In theory, the cluster should either hit higher token generation rates, or at least provide speed comparable to a Raspberry Pi-only setup. But when you factor network and storage bottlenecks into the equation, it makes perfect sense. You can see that both SBCs have 1GbE connectivity, which is a bit slow for high-speed AI inference tasks. Worse, I’d run out of SSDs in my home lab, so I had to make do with just microSD cards, which definitely contributed to the speed factor (or lack thereof). Consider that LLM operations are highly latency sensitive and it’s clear why my cluster performed terribly. I was about to call this project a failure and wrap things up here, but I wanted to try one last experiment before I kill the cluster…

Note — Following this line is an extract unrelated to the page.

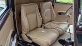 The cabin features tan leather bucket seats along with a matching headliner, door panels, and carpeting. An overhead console houses a Pioneer digital media receiver connected to Pioneer speakers mounted behind the seats. Additional amenities include a Lokar floor shifter, air conditioning, lap belts, and tilt steering. A hinged panel allowing access to the brake master cylinder is located in the driver-side floorboard.

But the cluster can run LLMs that would otherwise be too heavy for my RPi
Don’t just look at token generation rates
While its lackluster performance is a general buzz, my main goal behind this wacky project was simply to run large models that the Raspberry Pi couldn’t accommodate with just 8GB of RAM. So I restarted llama-server without the RPC flag and started increasing the model parameter size. Qwen 3.5 (9B) is where the llama-server crashed because the SBC could not accommodate the large model.
But when I ran it with the RPC flag pointing to Alta, llama-server was able to load LLM with relative ease. Just to satisfy my curiosity, I opened the web UI and started applying for LLM. Well, it definitely worked, even though it only generated 1.27 tokens per second. This is nowhere near the possible number for my productivity tasks and coding workloads. But it’s still somewhat useful for automated tasks like creating tags for bookmarks or OCR scanning documents, especially considering I can leave the SBCs running all day without worrying about power consumption.
And to be brutally honest, I realized to measure seconds per token instead of tokens per second. So a tick build speed of 1.27 t/s is somewhat surprising, especially since it’s a model that SBC couldn’t load in the first place. While I probably won’t use this cluster for SBC extraction tasks, RPC definitely sounds useful. In fact, I can use it for my current LXC-based LLM hosting workstations, which include full-fledged 10G NICs.